Lost in the Endless Scroll – Until a Small Practice Renewed My Love for Books
When I was a youngster, I consumed novels until my vision blurred. Once my GCSEs arrived, I exercised the endurance of a ascetic, studying for lengthy periods without pause. But in recent years, I’ve observed that capacity for intense focus fade into endless browsing on my phone. My focus now contracts like a slug at the tap of a thumb. Engaging with books for pleasure feels less like sustenance and more like a marathon. And for someone who creates content for a living, this is a occupational risk as well as something that left me disheartened. I wanted to regain that cognitive flexibility, to stop the mental decline.
So, about a year ago, I made a modest promise: every time I encountered a word I didn’t know – whether in a novel, an piece, or an overheard discussion – I would look it up and write it down. Nothing elaborate, no leather-bound journal or stylish pen. Just a running list maintained, amusingly, on my smartphone. Each seven days, I’d spend a few minutes reviewing the collection back in an attempt to lodge the vocabulary into my memory.
The record now covers almost twenty sheets, and this small habit has been subtly life-changing. The payoff is less about showing off with obscure descriptors – which, to be honest, can make you sound insufferable – and more about the mental calisthenics of the practice. Each time I search for and note a word, I feel a faint expansion, as though some underused part of my brain is flexing again. Even if I never deploy “eidolon” in conversation, the very process of spotting, logging and revising it breaks the drift into inactive, semi-skimmed focus.
There is also a journalling aspect to it – it functions as something of a journal, a log of where I’ve been reading, what I’ve been pondering and who I’ve been listening to.

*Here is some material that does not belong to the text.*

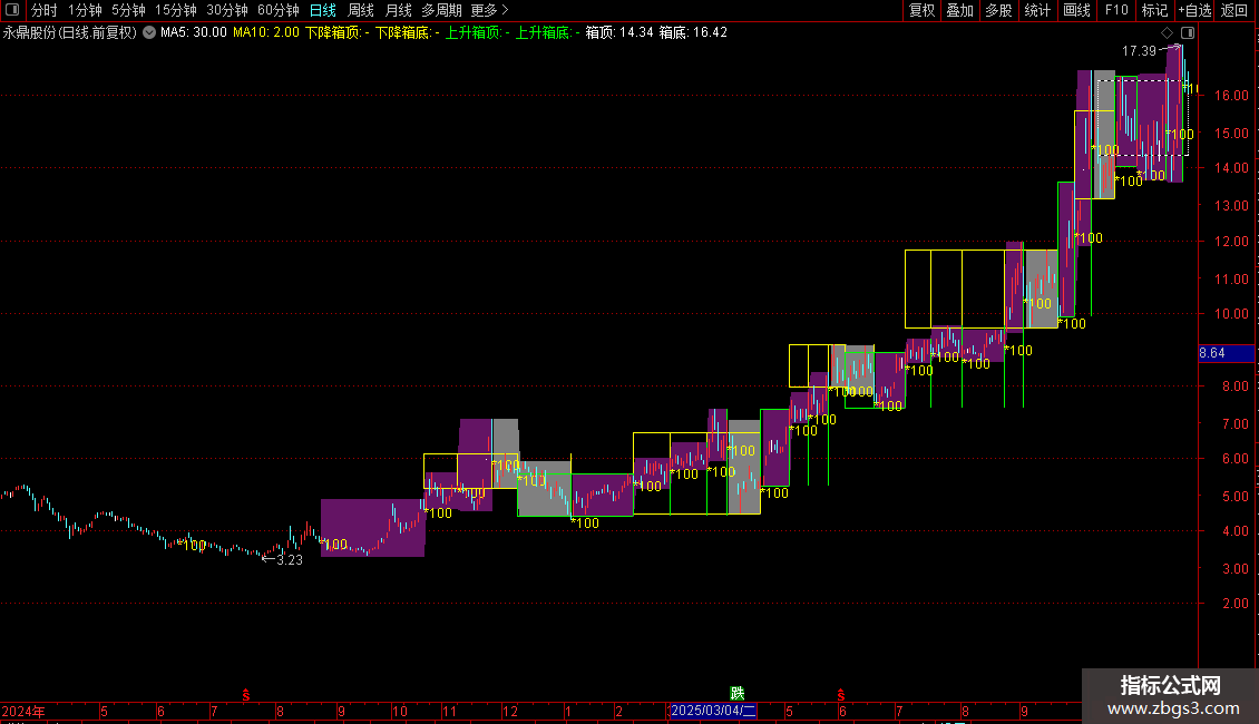 上升箱顶:IF(T2>=0 AND T2<=REF(BARSNEXT(XIA),T2),REFX(红止高,BARSNEXT(XIA)),DRAWNULL),COLORGREEN;

Not that it’s an easy routine to keep up. It is often extremely inconvenient. If I’m engaged on the subway, I have to pause in the middle, take out my device and enter “millenarianism” into my Google doc while trying not to bump the stranger pressed against me. It can slow my reading to a maddening crawl. (The e-reader, with its built-in lexicon, is much kinder). And then there’s the revising (which I frequently neglect to do), dutifully scrolling through my growing word-hoard like I’m studying for a vocabulary test.
In practice, I incorporate perhaps five percent of these terms into my daily speech. “unreformable” made the cut. “Lugubrious” as well. But most of them stay like exhibits – admired and catalogued but rarely used.

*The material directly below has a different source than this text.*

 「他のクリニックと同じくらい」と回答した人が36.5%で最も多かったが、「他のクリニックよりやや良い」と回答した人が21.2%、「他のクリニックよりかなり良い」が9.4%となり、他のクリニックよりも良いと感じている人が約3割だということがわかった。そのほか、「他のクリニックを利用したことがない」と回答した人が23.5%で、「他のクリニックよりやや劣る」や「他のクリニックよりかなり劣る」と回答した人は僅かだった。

Still, it’s rendered my mind much sharper. I notice I'm turning less frequently for the same tired handful of adjectives, and more often for something precise and muscular. Rarely are more gratifying than unearthing the exact term you were seeking – like locating the lost puzzle piece that snaps the image into position.
At a time when our gadgets drain our attention with relentless effectiveness, it feels subversive to use my own as a tool for deliberate thought. And it has restored to me something I feared I’d forfeited – the joy of engaging a intellect that, after a long time of slack scrolling, is finally waking up again.